News Stay informed about the latest enterprise technology news and product updates.

Another service-provider infrastructure gets the hiccups

Amazon’s S3 online storage service suffered an outage this morning for several hours, echoing the outage suffered by email service provider RIM last week. While RIM’s outage affected CrackBerry addicts with alternatives to email, the Amazon outage may have affected Web-based companies relying on S3’s storage to deliver core services. Not good.

However, one S3 user I talked to today, SmugMug CEO Don McAskill, said his site didn’t feel a thing. “None of our customers reported any issues–we haven’t seen any problems that are customer facing,” he said.

But there’s also an important factor that may have led to SmugMug’s resiliency: the fact that after another outage last year, SmugMug started keeping about 10% of its data in a hot cache on-site. “It could have been that the hot cache was adequate for the 2 or so hours it was going on, or it could have been that for some people the outage was intermittent,” he added.

Meanwhile, some users were still reporting issues as recently as five minutes ago on Amazon’s Web Services Developer Connection message board. According to an official response on the thread about an hour ago, “This morning’s issue has been resolved and the system is continuing to recover. However, we are currently seeing slightly elevated error rates for some customers, and are actively working to resolve this.  More information on that to follow as we have it.”

Their businesses aren’t the same, but I think this ties in with what I was saying in my post about RIM’s Blackberry meltdown–as more and more data “eggs” put into centralized service provider “baskets”, more and more of them are going to get broken, especially as the service-provider market ramps up.

Or as TechCrunch put it:

This could just be growing pains for Amazon Web Services, as more startups and other companies come to rely on it for their Web-scale computing infrastructure. But even if the outage only lasted a couple hours, it is unacceptable. Nobody is going to trust their business to cloud computing unless it is more reliable than the data-center computing that is the current norm. So many Websites now rely on Amazon’s S3 storage service and, increasingly, on its EC2 compute cloud as well, that an outage takes down a lot of sites, or at least takes down some of their functionality. Cloud computing needs to be 99.999 percent reliable if Amazon and others want it to become more widely adopted.
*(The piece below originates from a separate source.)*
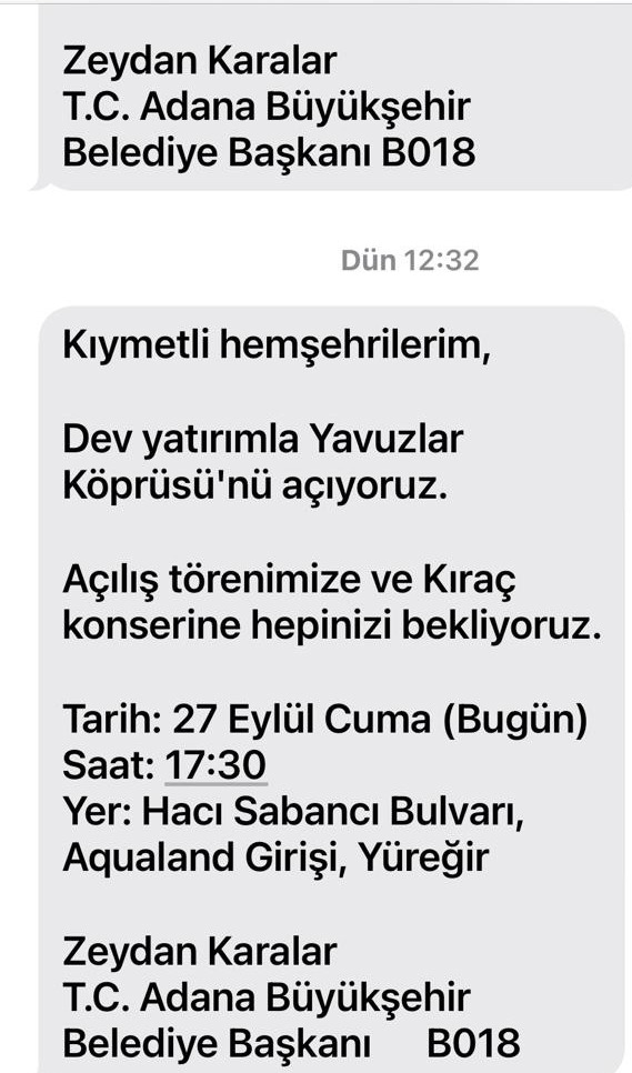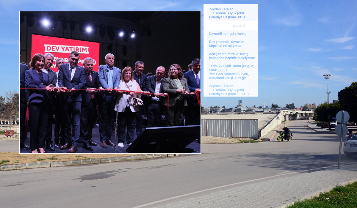 Adana'da 2014-2019 arasında Büyükşehir Belediye Başkanlığı yapan MHP'li Hüseyin Sözlü, Seyhan Nehri üzerinden Yüreğir ve Seyhan'ı birbirine bağlayacak Yavuzlar Köprüsü'nün yüzde 75'ini tamamladı. Ancak CHP'li Adana Büyükşehir Belediye Başkanı Zeydan Karalar göreve gelir gelmez "Gereksiz" diyerek körünün inşasını durdurma kararı aldı. 5.5 yıl sonra çark eden Karalar ise sadece yüzde 25'ini tamamladığı köprüyü "Dev yatırım" diyerek hizmete açtı.

Growing pains may have had something to do with it, according to Taneja Group analyst Eric Burgener. “There’s less of this going on than there used to be, but this is one of those things that gives people pause about services,” he said. A focus on secondary storage and storage for small companies has made this crop of service providers more successful than the SSP’s of the bubble days, and even where companies are relying on services like this for primary storage, Burgener argued that the services option is still the better bet. “For small internet businesses services are still a perfect play–they allow businesses to start up rapidly without the kind of capital expense or infrastructure they need for an in-house system.”

Join the conversation


Send me notifications when other members comment.

Please create a username to comment.

RIM admitted to a change management failure. Amazon hasn't really admitted to anything and their statement is generic with no pointer to any cause. Achieving 99.999% uptime is not a technical solution but a pshyological one. The reason is that the technology provides the uptime while the humans provide the downtime. In this tug of ware who wins?
Beth, How does one service outage "echo" the other? At this point in time *NEITHER* service outage has been explained to have been caused by a storage system failure. Granted, they are both service failures. I guess the point of your post is that any service (storage, transpo., comm., health, newspaper delivery, etc.) that you use could be less than 100% reliable.
The point of my post is that massively multi-tenant services which concentrate huge amounts of processing demand onto relatively few instances of computer technology will have some growing pains and problems as more and more people adopt the service-provider model. And that these hiccups, when they happen, because of the massive multi-tenancy, will be felt far and wide.